Table 4: Results of the meta-analysis on the sensitivity of DNDC dSOC outputs to DNDC model parameters.
Conclusions
In general, the following parameters were identified in this meta-analysis as the ones that DNDC model outputs (SOC and N2O emissions) are most sensitive to - initial SOC, soil pH, soil bulk density, soil clay content, and precipitation. In the case of N2O emissions, the model was also sensitive to the parameters governing the application of nitrogen compounds to the soil – rate, timing, and frequency of the N application.

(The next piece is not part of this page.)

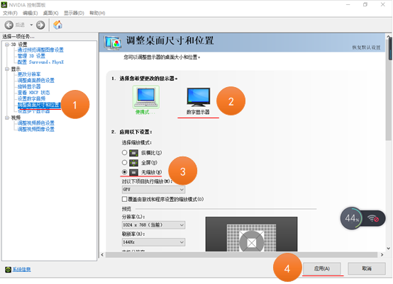 2、在设置窗口按步骤选择调整桌面尺寸和位置”>>“数字显示器“>>”无缩放“,然后单击“应用”确认。
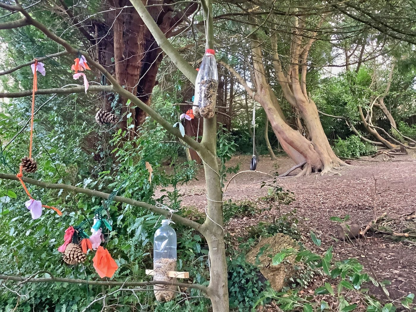 Pupils spent time beforehand making some containers and other creative items, which were then filled with food to entice the vast wildlife residing in the Forest School out into the open.

However, it should be noted that the methods used in the studies identified in this meta-analysis for the sensitivity analysis are not always consistent. Future research could involve normalizing the methods across different studies through the use of sensitivity indices or other similar methods in order to further improve the accuracy of the results.